*** Begin section ***

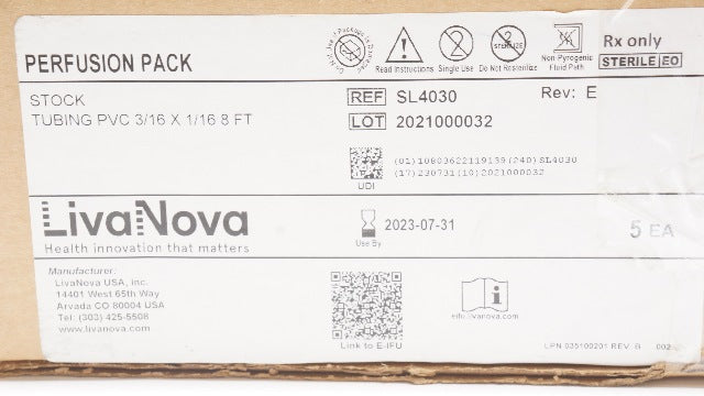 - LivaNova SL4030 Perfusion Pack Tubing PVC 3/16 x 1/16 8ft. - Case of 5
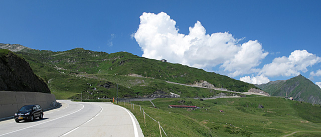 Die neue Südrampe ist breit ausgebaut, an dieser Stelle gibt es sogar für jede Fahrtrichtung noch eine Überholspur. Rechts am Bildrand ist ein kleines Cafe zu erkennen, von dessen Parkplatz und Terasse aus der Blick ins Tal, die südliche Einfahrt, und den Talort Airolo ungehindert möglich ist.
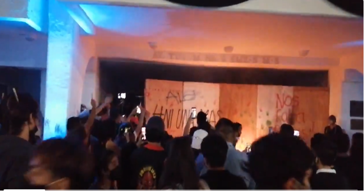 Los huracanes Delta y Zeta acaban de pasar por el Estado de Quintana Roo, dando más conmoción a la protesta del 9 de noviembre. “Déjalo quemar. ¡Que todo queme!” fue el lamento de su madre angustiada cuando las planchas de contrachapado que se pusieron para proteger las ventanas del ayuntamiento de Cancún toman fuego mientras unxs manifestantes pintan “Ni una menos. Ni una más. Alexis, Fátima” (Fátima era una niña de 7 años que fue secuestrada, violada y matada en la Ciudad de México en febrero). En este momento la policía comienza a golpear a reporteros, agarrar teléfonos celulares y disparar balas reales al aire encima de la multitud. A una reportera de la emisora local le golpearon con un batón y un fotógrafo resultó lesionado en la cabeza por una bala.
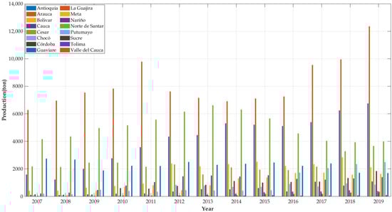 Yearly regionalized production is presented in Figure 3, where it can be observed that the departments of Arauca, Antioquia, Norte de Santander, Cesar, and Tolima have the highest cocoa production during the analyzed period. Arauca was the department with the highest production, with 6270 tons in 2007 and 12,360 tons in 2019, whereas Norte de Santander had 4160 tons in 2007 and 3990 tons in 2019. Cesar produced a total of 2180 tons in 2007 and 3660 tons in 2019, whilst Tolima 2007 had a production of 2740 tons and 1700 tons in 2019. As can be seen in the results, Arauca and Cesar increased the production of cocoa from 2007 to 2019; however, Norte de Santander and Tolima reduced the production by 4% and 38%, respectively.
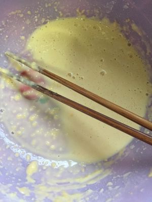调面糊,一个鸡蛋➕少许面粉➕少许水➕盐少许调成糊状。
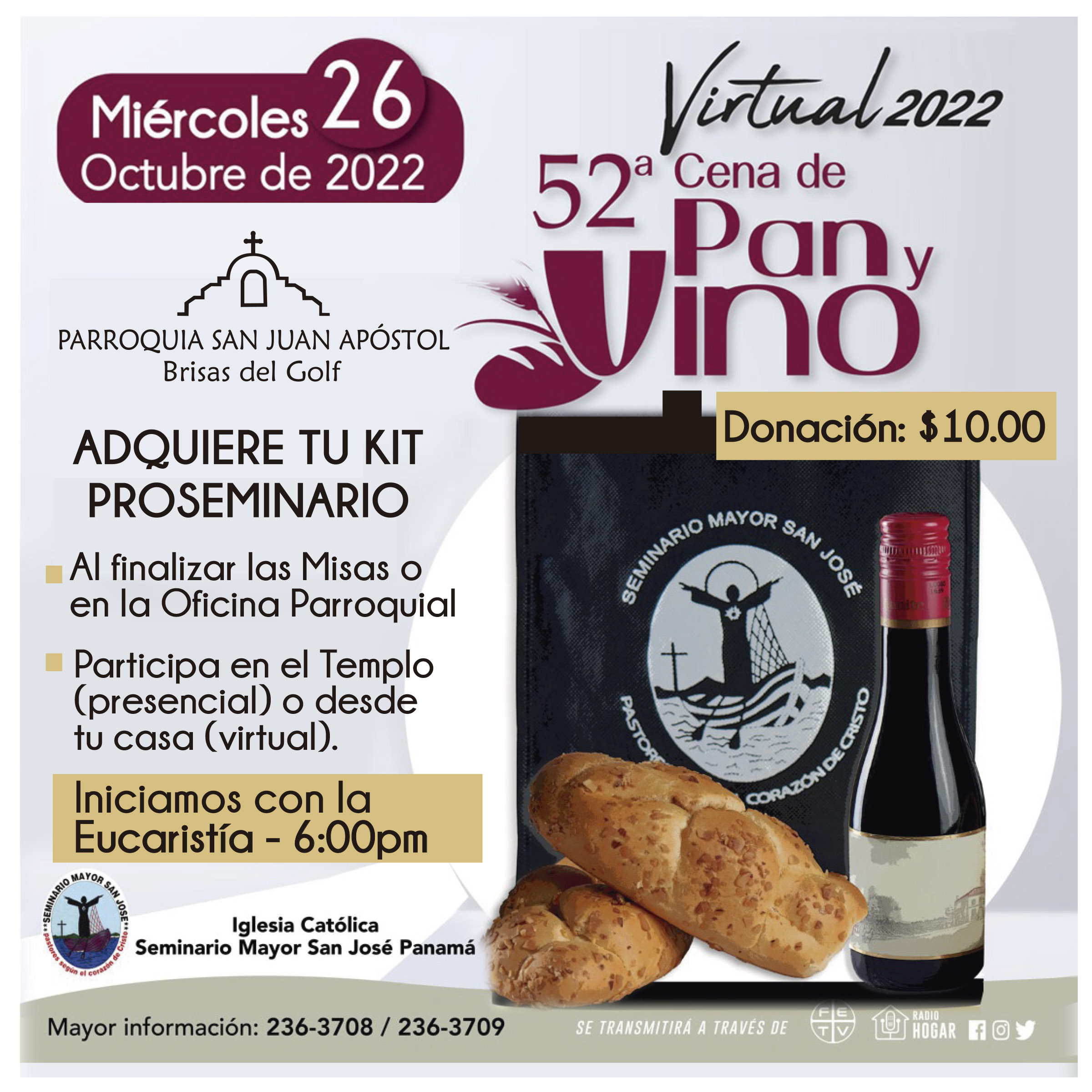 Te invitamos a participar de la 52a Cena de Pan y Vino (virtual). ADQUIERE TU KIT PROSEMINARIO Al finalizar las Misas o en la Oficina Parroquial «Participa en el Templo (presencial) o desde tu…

*** End section ***

Copy all records exactly, no images.

Exercise response.
 - LivaNova SL4030 Perfusion Pack Tubing PVC 3/16 x 1/16 8ft. - Case of 5
 Die neue Südrampe ist breit ausgebaut, an dieser Stelle gibt es sogar für jede Fahrtrichtung noch eine Überholspur. Rechts am Bildrand ist ein kleines Cafe zu erkennen, von dessen Parkplatz und Terasse aus der Blick ins Tal, die südliche Einfahrt, und den Talort Airolo ungehindert möglich ist.
 Los huracanes Delta y Zeta acaban de pasar por el Estado de Quintana Roo, dando más conmoción a la protesta del 9 de noviembre. “Déjalo quemar. ¡Que todo queme!” fue el lamento de su madre angustiada cuando las planchas de contrachapado que se pusieron para proteger las ventanas del ayuntamiento de Cancún toman fuego mientras unxs manifestantes pintan “Ni una menos. Ni una más. Alexis, Fátima” (Fátima era una niña de 7 años que fue secuestrada, violada y matada en la Ciudad de México en febrero). En este momento la policía comienza a golpear a reporteros, agarrar teléfonos celulares y disparar balas reales al aire encima de la multitud. A una reportera de la emisora local le golpearon con un batón y un fotógrafo resultó lesionado en la cabeza por una bala.
 Yearly regionalized production is presented in Figure 3, where it can be observed that the departments of Arauca, Antioquia, Norte de Santander, Cesar, and Tolima have the highest cocoa production during the analyzed period. Arauca was the department with the highest production, with 6270 tons in 2007 and 12,360 tons in 2019, whereas Norte de Santander had 4160 tons in 2007 and 3990 tons in 2019. Cesar produced a total of 2180 tons in 2007 and 3660 tons in 2019, whilst Tolima 2007 had a production of 2740 tons and 1700 tons in 2019. As can be seen in the results, Arauca and Cesar increased the production of cocoa from 2007 to 2019; however, Norte de Santander and Tolima reduced the production by 4% and 38%, respectively.
调面糊,一个鸡蛋➕少许面粉➕少许水➕盐少许调成糊状。
 Te invitamos a participar de la 52a Cena de Pan y Vino (virtual). ADQUIERE TU KIT PROSEMINARIO Al finalizar las Misas o en la Oficina Parroquial «Participa en el Templo (presencial) o desde tu…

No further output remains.